▶ [Your goal]
In the entries that follow, the lines from the line containing "再次,JYPC要感恩江苏省市" up to and including the line containing "Dlux Magnetic Cabinet" must be copied exactly, with pictures omitted.

▶ [Data provided]
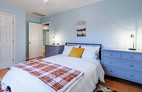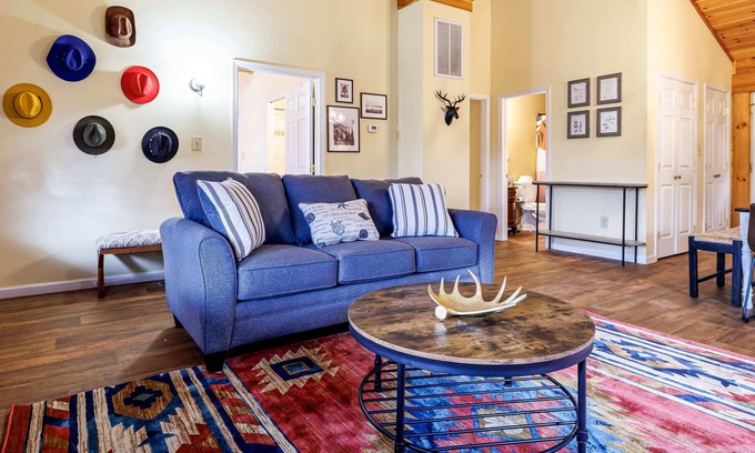 The second cabin boasts an inviting eat-in kitchen with a dining table for 6. Cook to your heart's content using the fully equipped kitchen, featuring a dishwasher, oven, stove, microwave, and toaster. The kitchen flows into the main living area, where you'll find a SmartTV, sleeper sofa, and comfortable chairs. All three bedrooms are located on the main level, offering a King bed in the first bedroom with an ensuite bathroom, two bunk beds in the second bedroom (sleeping four), and a cozy full-size bed in the third bedroom. Additionally, there are two and a half baths, including a full tub, a full shower, and a convenient half bathroom.
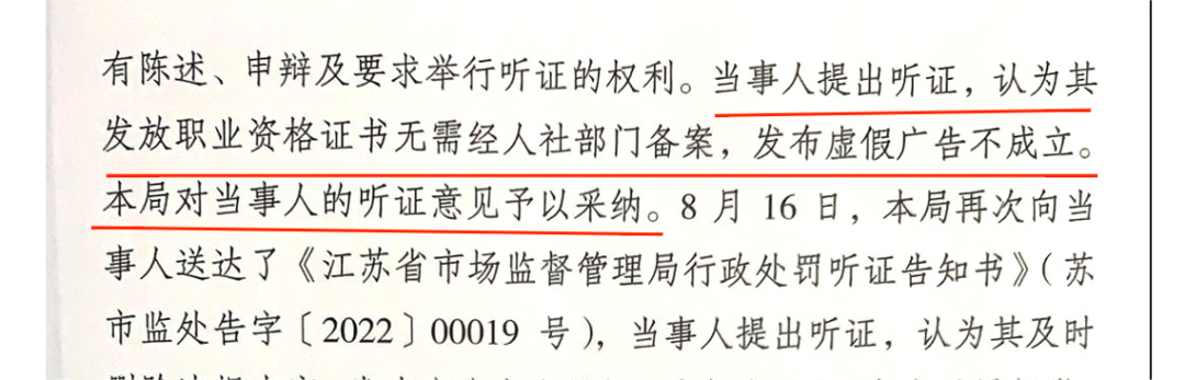 再次,JYPC要感恩江苏省市场监督管理局。2022年4月,人社部人事考试中心和人社部职业技能鉴定中心等官办发证机构,通过网络公开发表声明举报江苏英才职业技能鉴定集团和JYPC全国职业资格考试认证中心。接到举报后,JYPC有权执法部门、江苏省市场监督管理局立即着手立案。经过长达一年的调查取证,江苏省市场监督管理局客观公正地做出了决定,指出“当事人(JYPC)提出听证,认为其发放职业资格证书无需经人社部门备案,发布虚假广告不成立。本局对当事人的听证意见予以采纳”。JYPC发放职业资格证书无需去人社部门备案,从此有了法律依据。人社部职业技能鉴定中心等部门发布的侵权声明“没在人社部门备案就是国家不认可”, 从此成了官办打压民办的历史笑料。
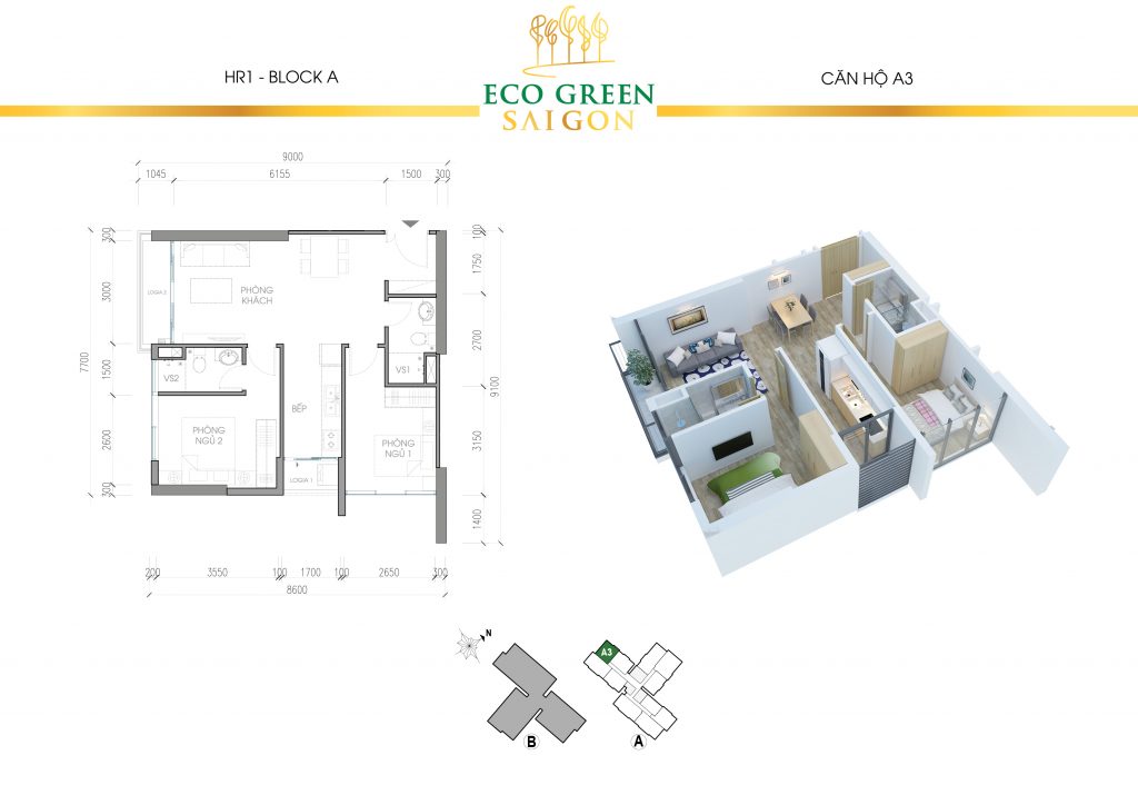 + Diện tích 52m2, 2PN – 1WC từ 3-3.35tỷ/căn.
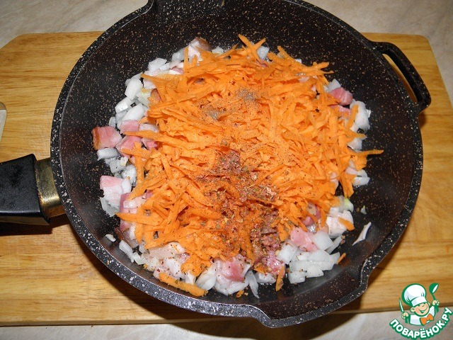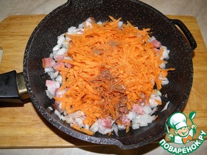 Спустя 5 минут добавляем зажарку и специи. По желанию можно добавить отварные перепелиные яйца
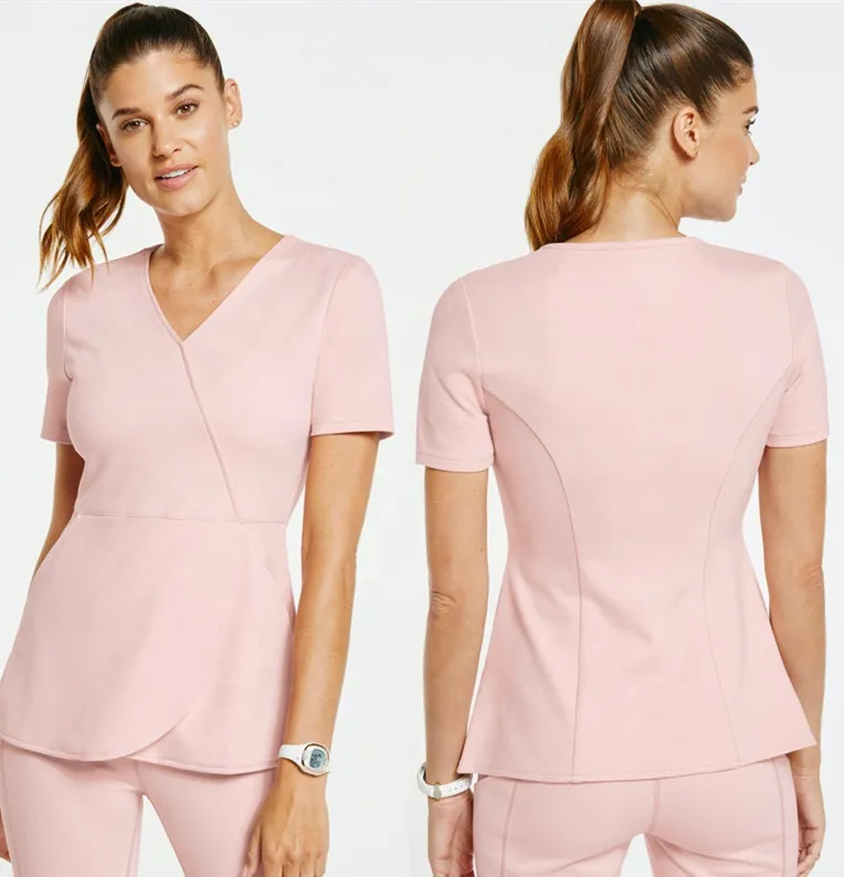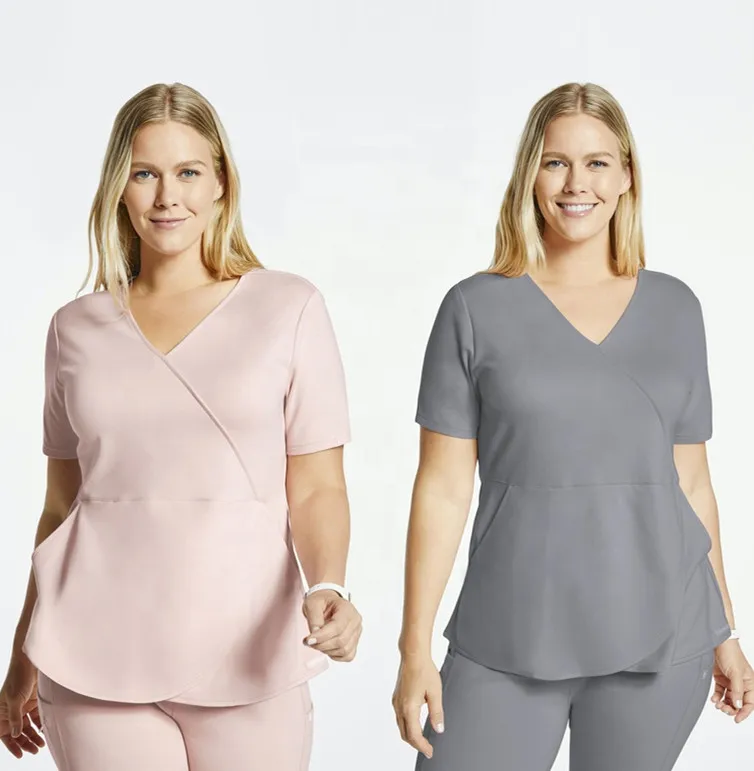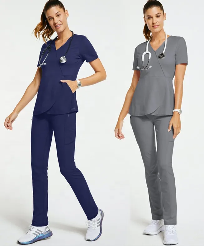 Private Label Women Stylish Comfortable Athletic Sporty Hospital Uniform Woven Spandex Medical Nursing Scrub Uniform Sets Custom
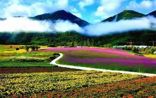 云中花海景區(qū)由1500畝構(gòu)圖花卉區(qū)、3000畝綴花草坪區(qū)、3000畝疏林草地鮮花區(qū)、2500畝有機(jī)生態(tài)農(nóng)業(yè)花海觀光區(qū)和休閑生活娛樂區(qū)構(gòu)成,是世界上高海拔地區(qū)最大、最美的花海景觀,面積是日本北海道花海的7倍。
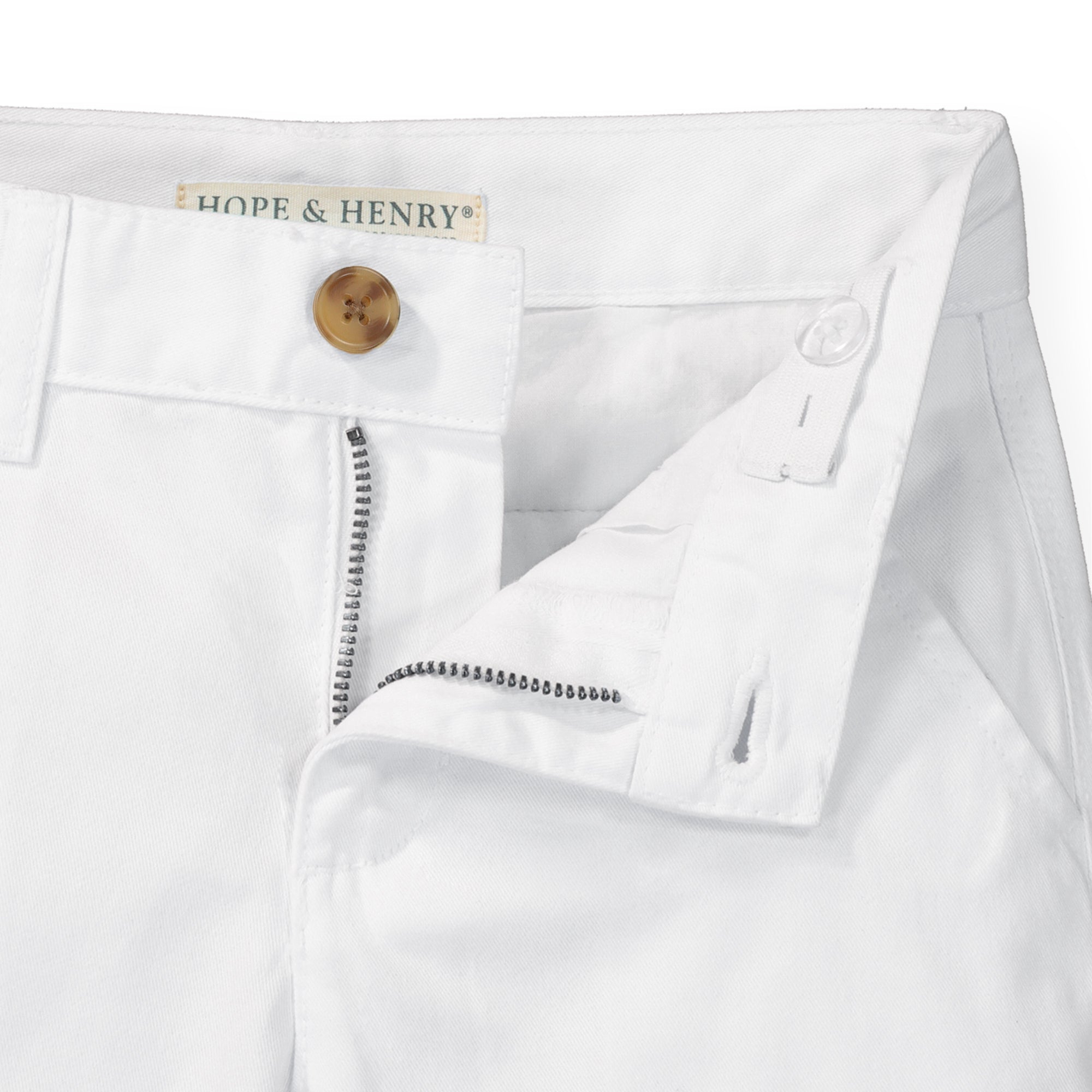 Our modern fit chino short will be the one your boy reaches for every day, on special occasions and weekend play dates alike. Features soft 100% organic cotton twill with a carbon-brushed finish and a hint of stretch, faux horn button, side pockets, back welt pockets, and an adjustable waistband for ultimate comfort and superior fit. These are sure to be worn, loved, and passed down again and again!
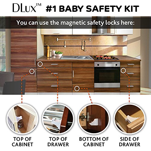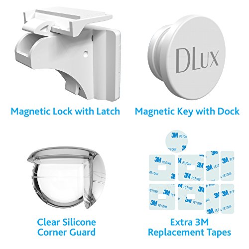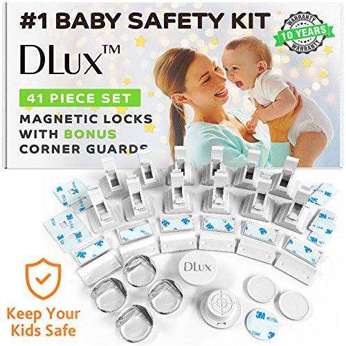 Dlux Magnetic Cabinet Locks for Child Safety [12 Locks & Latches, 2 Magnetic Keys, 4 Corner Guards Kit] Baby Proof Kitchen Drawers and Doors, No Drill Required, 41 Piece Set
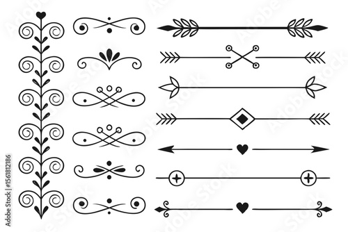 Black and White Vector Dividers with Elegant Swirls, Arrows, and Floral Borders. Hand-Drawn Line Art for Decorative Design, Invitations, Posters, and Layout Templates.
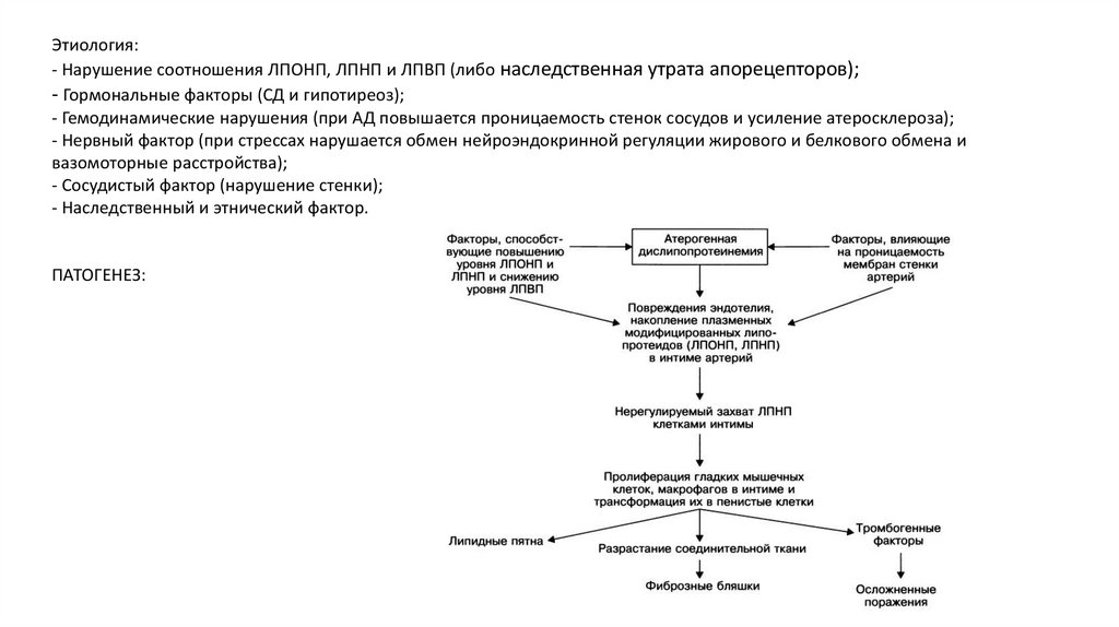 Этиология:- Нарушение соотношения ЛПОНП, ЛПНП и ЛПВП (либо наследственная утрата апорецепторов);
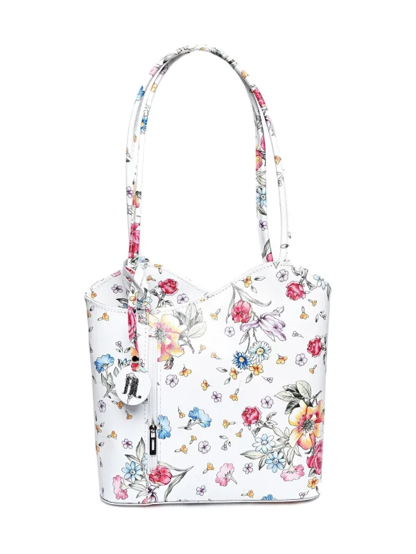 Totebag / Rugzak 100% koeienleer Gesloten sluiting Voorste ritszak Binnenste ritszak Afmetingen: (L): 29x28x9 cm Handvat: 54 cm Schouderband: 90x2 cm
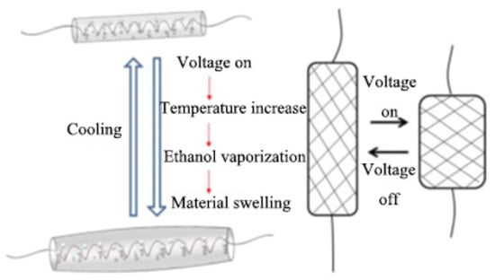As one of the miracles of nature, muscle, the source of human strength, has intensively inspired researchers to conduct a lot of research on soft deformation materials that develop and simulate the function of artificial muscle tissue [,]. Commonly used artificial muscles are mechanically driven, including pneumatic and hydraulic [,,,]. Various materials have been adopted to prepare the artificial muscles, which involves electroactive polymers [,,,,,], shape memory materials [,,,], hydrogels [,,,], and polymers driven by photothermal or humidity [,,,,,]. There are also biogenic actuators that rely on animal muscle cells [,]. As a drive for soft robots, fluid actuators require large external devices (e.g., air pumps, hydraulic pumps, etc.) to provide power, largely limiting the miniaturization of soft robotics applications. In contrast, electroactive polymers require high voltage (greater than a few kilovolts). Shape-memory alloys, shape-memory polymers and photo-thermal temperature-driven polymers require complex external stimuli (laser, humidity, and temperature control), and these actuators are difficult to adapt to more complex applications. Based on these, we believe that the ideal actuators need to have more direct and convenient actuation (current driven), safe actuation conditions (non-toxic and harmless to the operator), and fast and large strain capacity.

▶ [Expected answer]
 再次,JYPC要感恩江苏省市场监督管理局。2022年4月,人社部人事考试中心和人社部职业技能鉴定中心等官办发证机构,通过网络公开发表声明举报江苏英才职业技能鉴定集团和JYPC全国职业资格考试认证中心。接到举报后,JYPC有权执法部门、江苏省市场监督管理局立即着手立案。经过长达一年的调查取证,江苏省市场监督管理局客观公正地做出了决定,指出“当事人(JYPC)提出听证,认为其发放职业资格证书无需经人社部门备案,发布虚假广告不成立。本局对当事人的听证意见予以采纳”。JYPC发放职业资格证书无需去人社部门备案,从此有了法律依据。人社部职业技能鉴定中心等部门发布的侵权声明“没在人社部门备案就是国家不认可”, 从此成了官办打压民办的历史笑料。
 + Diện tích 52m2, 2PN – 1WC từ 3-3.35tỷ/căn.
 Спустя 5 минут добавляем зажарку и специи. По желанию можно добавить отварные перепелиные яйца
 Private Label Women Stylish Comfortable Athletic Sporty Hospital Uniform Woven Spandex Medical Nursing Scrub Uniform Sets Custom
 云中花海景區(qū)由1500畝構(gòu)圖花卉區(qū)、3000畝綴花草坪區(qū)、3000畝疏林草地鮮花區(qū)、2500畝有機(jī)生態(tài)農(nóng)業(yè)花海觀光區(qū)和休閑生活娛樂區(qū)構(gòu)成,是世界上高海拔地區(qū)最大、最美的花海景觀,面積是日本北海道花海的7倍。
 Our modern fit chino short will be the one your boy reaches for every day, on special occasions and weekend play dates alike. Features soft 100% organic cotton twill with a carbon-brushed finish and a hint of stretch, faux horn button, side pockets, back welt pockets, and an adjustable waistband for ultimate comfort and superior fit. These are sure to be worn, loved, and passed down again and again!
 Dlux Magnetic Cabinet Locks for Child Safety [12 Locks & Latches, 2 Magnetic Keys, 4 Corner Guards Kit] Baby Proof Kitchen Drawers and Doors, No Drill Required, 41 Piece Set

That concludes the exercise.